Task brief: Starting with the line that holds "В режиме Навигации", repeat each line through the last one below, exactly. Pictures stay out.

Available data:
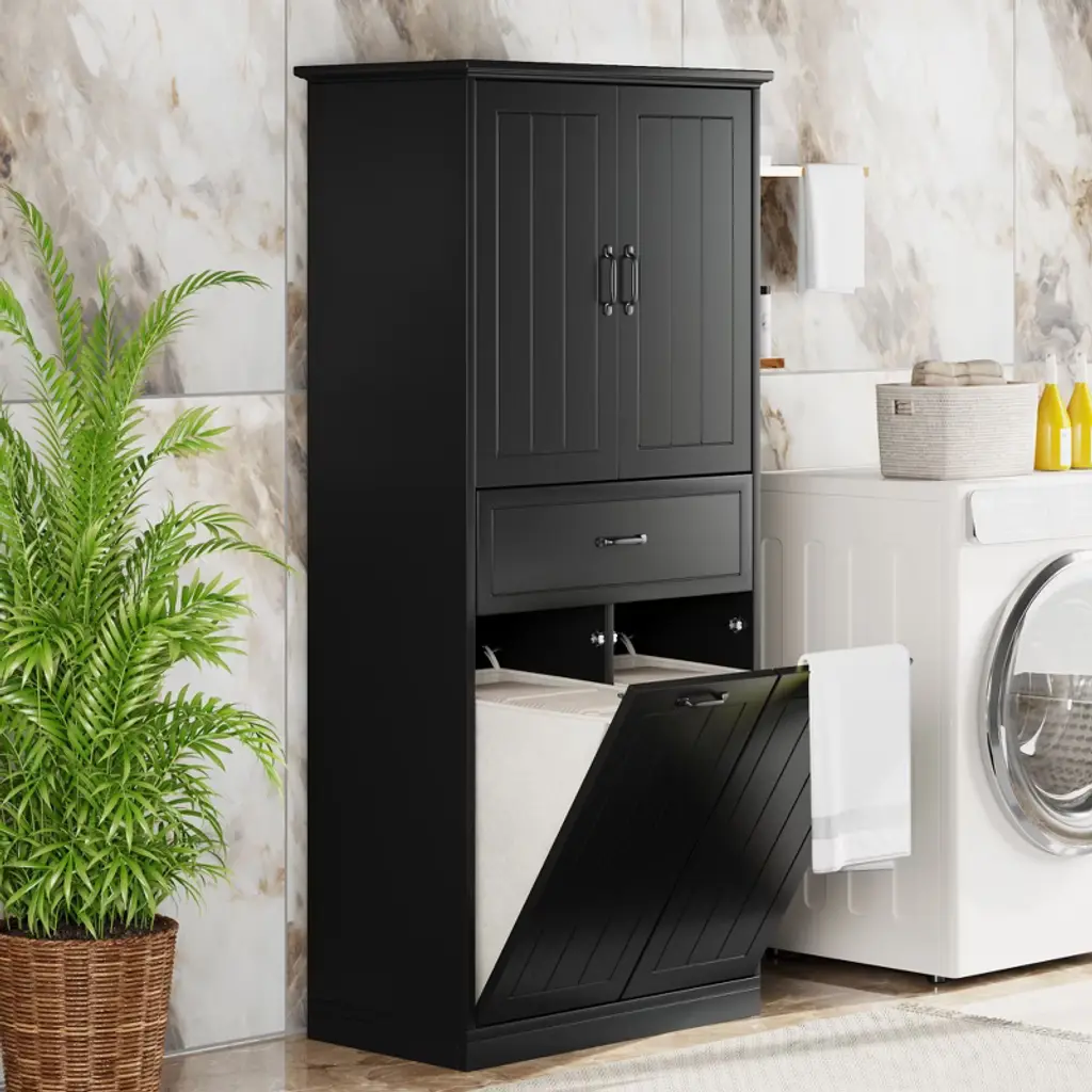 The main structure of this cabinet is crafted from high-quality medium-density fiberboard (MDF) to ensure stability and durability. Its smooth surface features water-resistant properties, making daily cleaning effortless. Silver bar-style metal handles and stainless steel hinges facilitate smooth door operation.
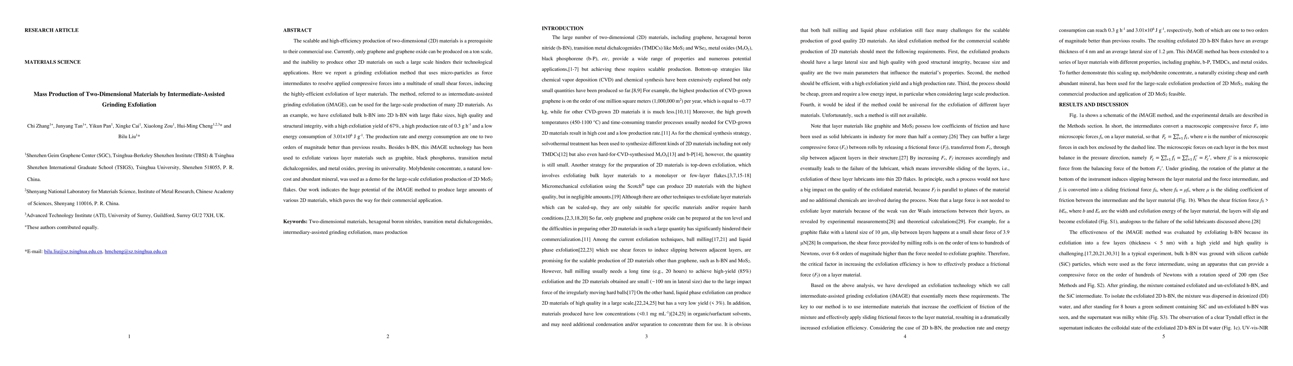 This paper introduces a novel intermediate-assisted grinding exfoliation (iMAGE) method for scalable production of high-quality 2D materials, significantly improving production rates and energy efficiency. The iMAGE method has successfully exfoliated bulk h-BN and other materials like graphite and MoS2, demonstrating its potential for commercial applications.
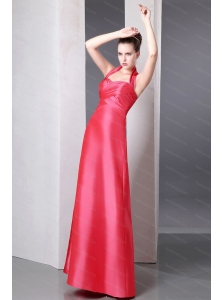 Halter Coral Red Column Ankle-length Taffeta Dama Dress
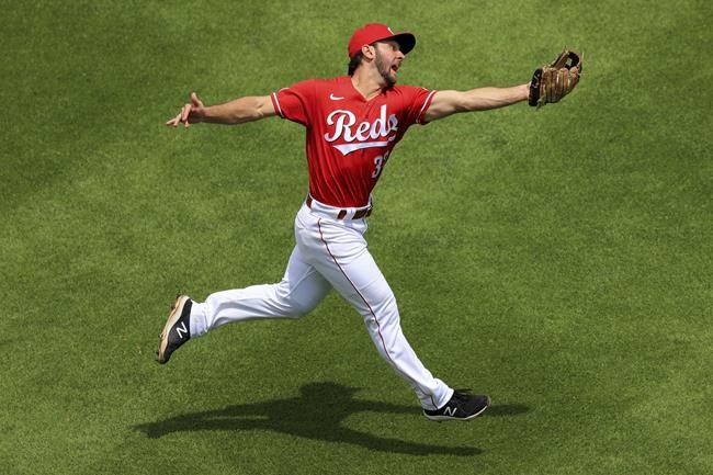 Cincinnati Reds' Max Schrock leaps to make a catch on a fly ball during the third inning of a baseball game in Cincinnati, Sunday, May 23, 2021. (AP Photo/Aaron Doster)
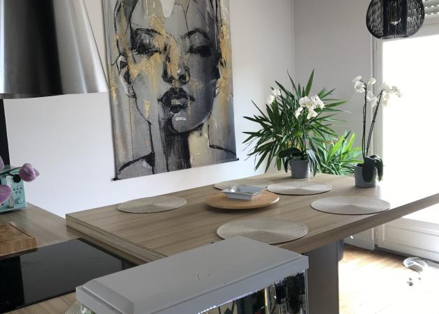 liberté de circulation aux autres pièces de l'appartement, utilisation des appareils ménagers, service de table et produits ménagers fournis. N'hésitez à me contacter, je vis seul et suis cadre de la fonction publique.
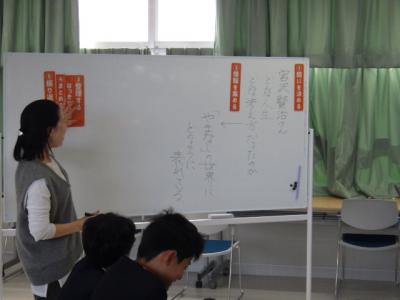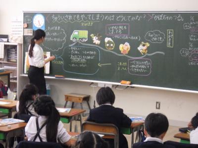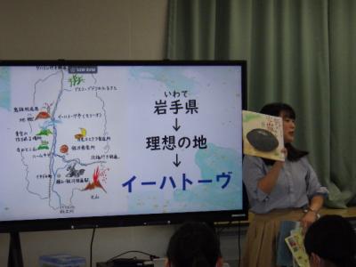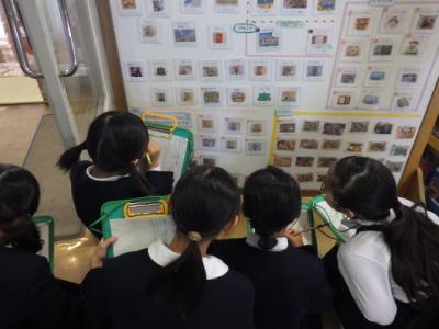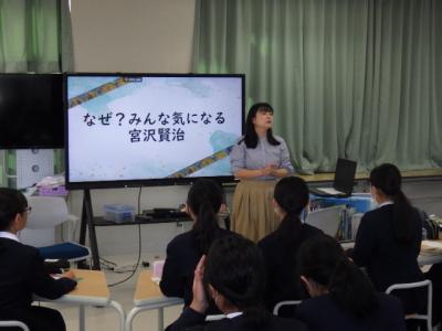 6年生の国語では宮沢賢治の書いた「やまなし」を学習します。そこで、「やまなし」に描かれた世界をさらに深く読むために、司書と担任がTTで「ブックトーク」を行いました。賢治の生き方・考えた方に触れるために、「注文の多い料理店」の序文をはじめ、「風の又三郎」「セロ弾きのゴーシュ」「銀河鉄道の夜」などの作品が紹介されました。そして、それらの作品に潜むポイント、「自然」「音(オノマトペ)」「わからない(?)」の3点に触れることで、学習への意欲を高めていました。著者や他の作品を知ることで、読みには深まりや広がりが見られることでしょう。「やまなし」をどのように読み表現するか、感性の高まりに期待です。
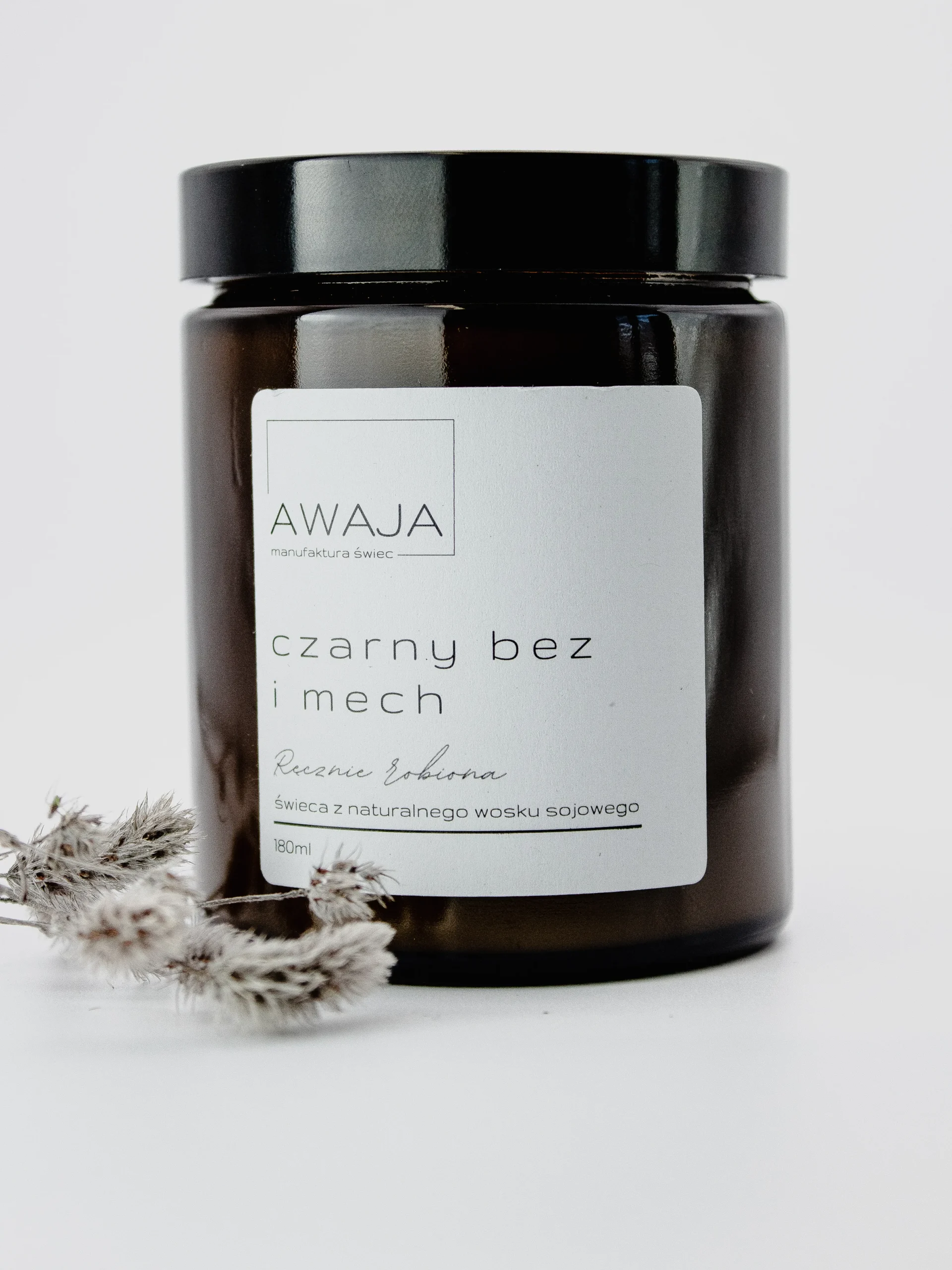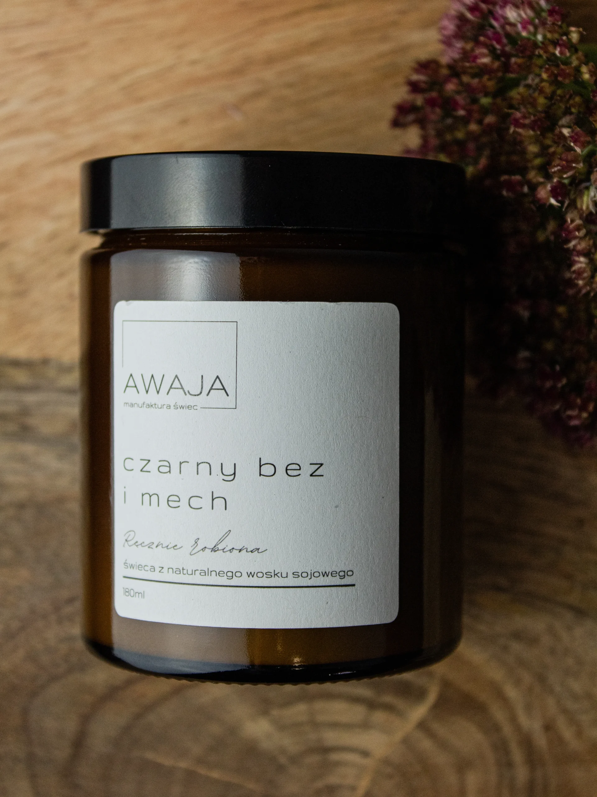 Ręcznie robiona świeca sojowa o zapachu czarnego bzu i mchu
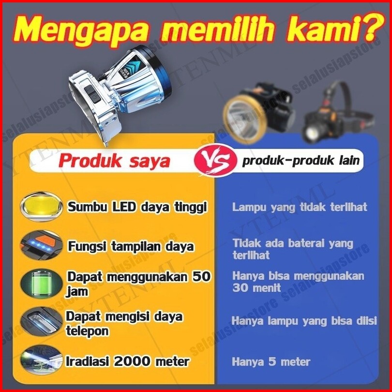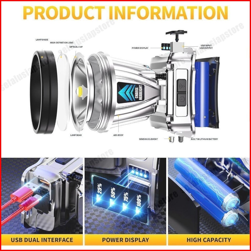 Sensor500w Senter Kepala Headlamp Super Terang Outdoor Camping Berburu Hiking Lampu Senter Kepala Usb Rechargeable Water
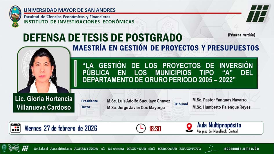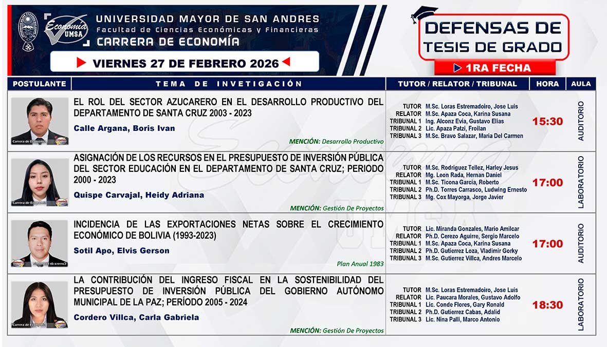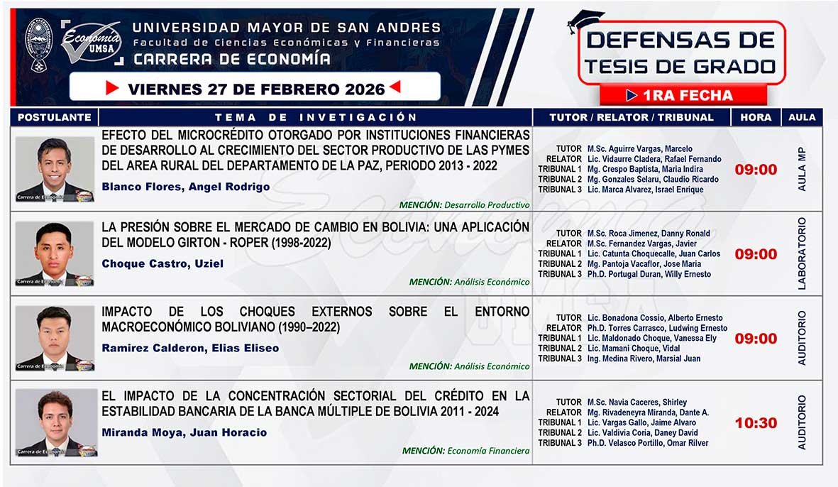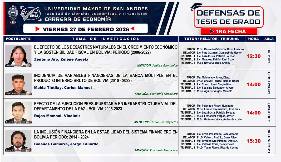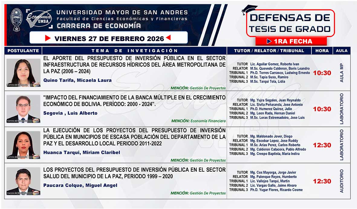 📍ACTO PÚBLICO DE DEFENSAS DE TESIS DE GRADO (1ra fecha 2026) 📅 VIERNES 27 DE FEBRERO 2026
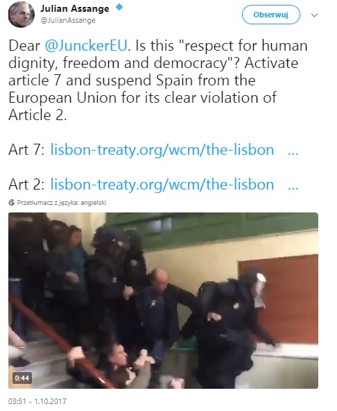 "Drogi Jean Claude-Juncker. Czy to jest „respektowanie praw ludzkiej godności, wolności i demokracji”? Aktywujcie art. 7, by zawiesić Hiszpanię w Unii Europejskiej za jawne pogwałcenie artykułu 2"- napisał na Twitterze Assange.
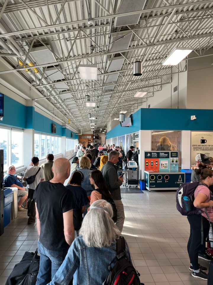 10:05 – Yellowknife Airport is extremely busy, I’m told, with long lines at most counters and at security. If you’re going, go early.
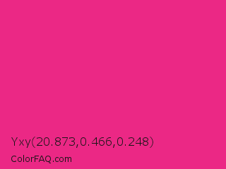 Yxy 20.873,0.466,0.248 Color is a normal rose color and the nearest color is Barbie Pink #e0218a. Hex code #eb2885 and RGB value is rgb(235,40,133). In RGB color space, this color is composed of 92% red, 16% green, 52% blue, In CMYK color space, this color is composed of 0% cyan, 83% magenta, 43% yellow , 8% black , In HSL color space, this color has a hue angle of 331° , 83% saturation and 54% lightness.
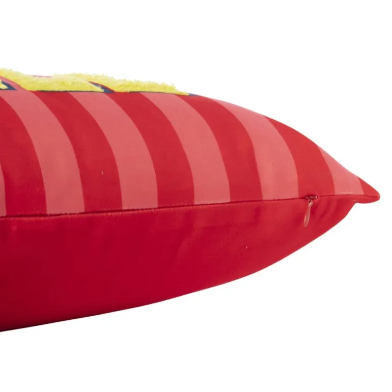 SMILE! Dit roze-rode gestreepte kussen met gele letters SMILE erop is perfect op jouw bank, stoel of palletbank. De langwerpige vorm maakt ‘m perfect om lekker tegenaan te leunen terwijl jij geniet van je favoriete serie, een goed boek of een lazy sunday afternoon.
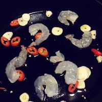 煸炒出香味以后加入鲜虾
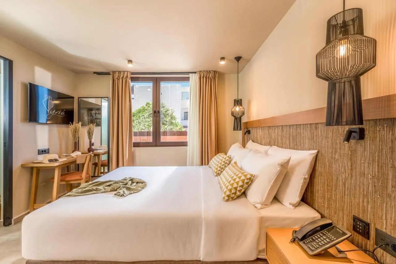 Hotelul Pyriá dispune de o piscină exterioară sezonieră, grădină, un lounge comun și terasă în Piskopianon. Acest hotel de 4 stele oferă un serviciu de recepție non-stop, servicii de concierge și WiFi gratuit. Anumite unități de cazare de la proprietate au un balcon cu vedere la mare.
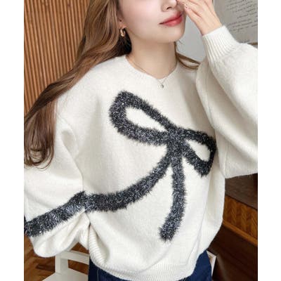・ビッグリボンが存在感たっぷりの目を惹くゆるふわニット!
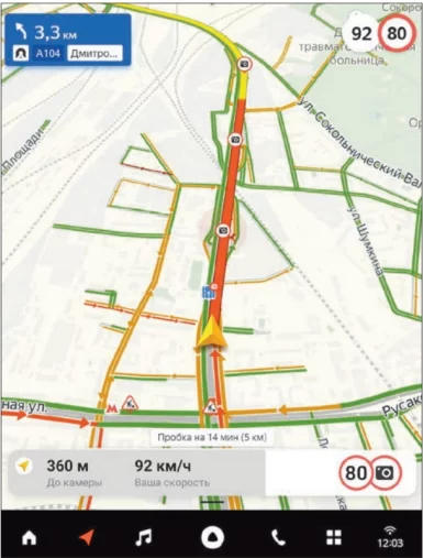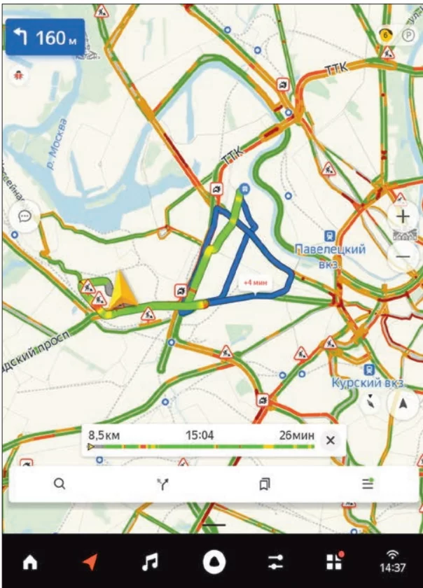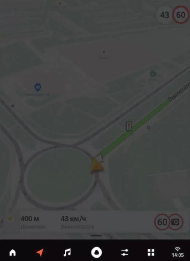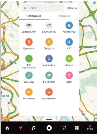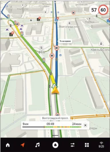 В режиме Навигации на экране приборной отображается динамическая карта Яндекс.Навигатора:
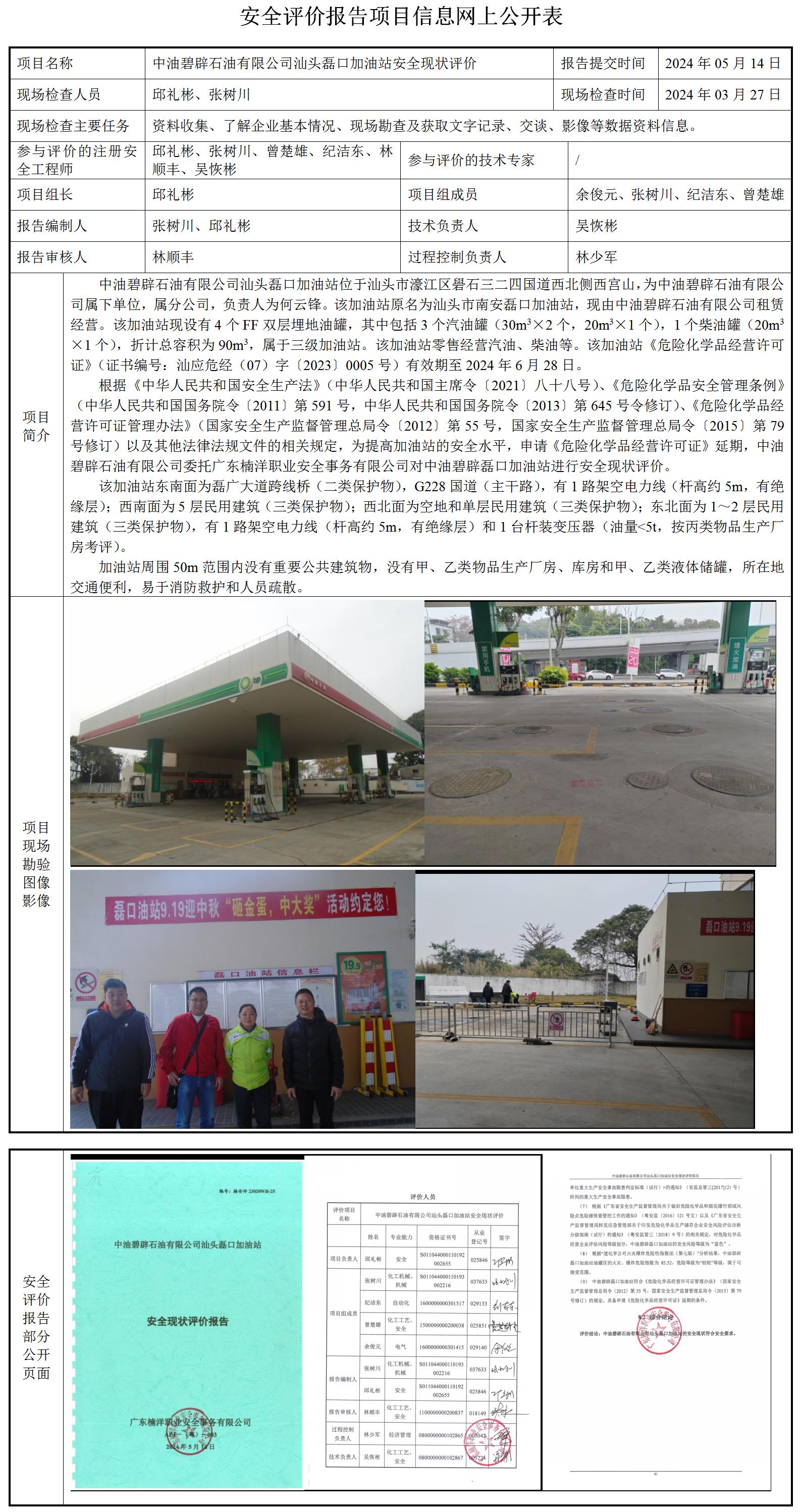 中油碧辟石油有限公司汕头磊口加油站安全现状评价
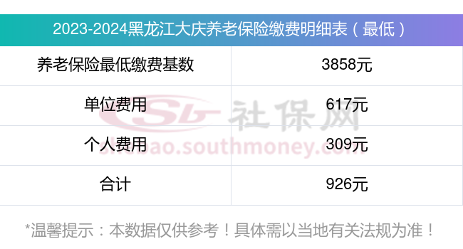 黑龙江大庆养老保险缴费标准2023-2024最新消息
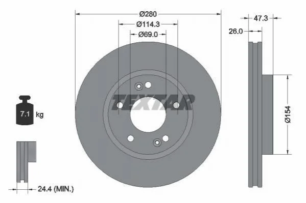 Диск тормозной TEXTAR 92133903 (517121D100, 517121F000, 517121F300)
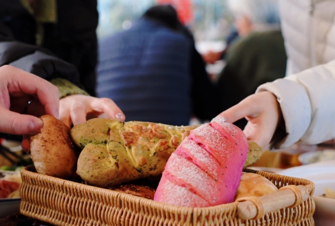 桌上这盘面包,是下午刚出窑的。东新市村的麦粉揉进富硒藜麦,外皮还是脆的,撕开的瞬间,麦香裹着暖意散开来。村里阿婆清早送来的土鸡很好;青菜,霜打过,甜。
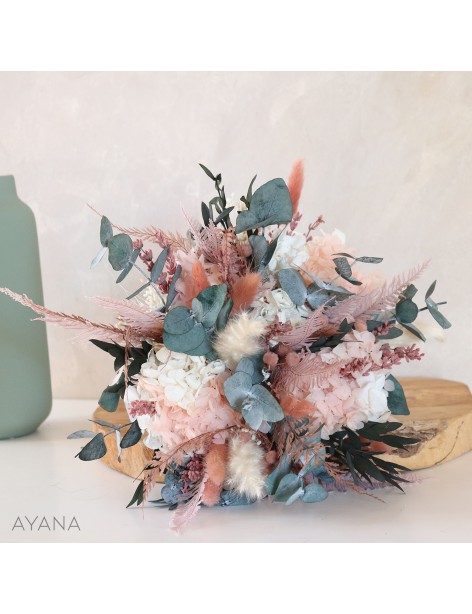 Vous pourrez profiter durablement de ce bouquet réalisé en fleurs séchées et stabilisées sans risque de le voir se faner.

Solution:
 В режиме Навигации на экране приборной отображается динамическая карта Яндекс.Навигатора:
 中油碧辟石油有限公司汕头磊口加油站安全现状评价
 黑龙江大庆养老保险缴费标准2023-2024最新消息
 Диск тормозной TEXTAR 92133903 (517121D100, 517121F000, 517121F300)
 桌上这盘面包,是下午刚出窑的。东新市村的麦粉揉进富硒藜麦,外皮还是脆的,撕开的瞬间,麦香裹着暖意散开来。村里阿婆清早送来的土鸡很好;青菜,霜打过,甜。
 Vous pourrez profiter durablement de ce bouquet réalisé en fleurs séchées et stabilisées sans risque de le voir se faner.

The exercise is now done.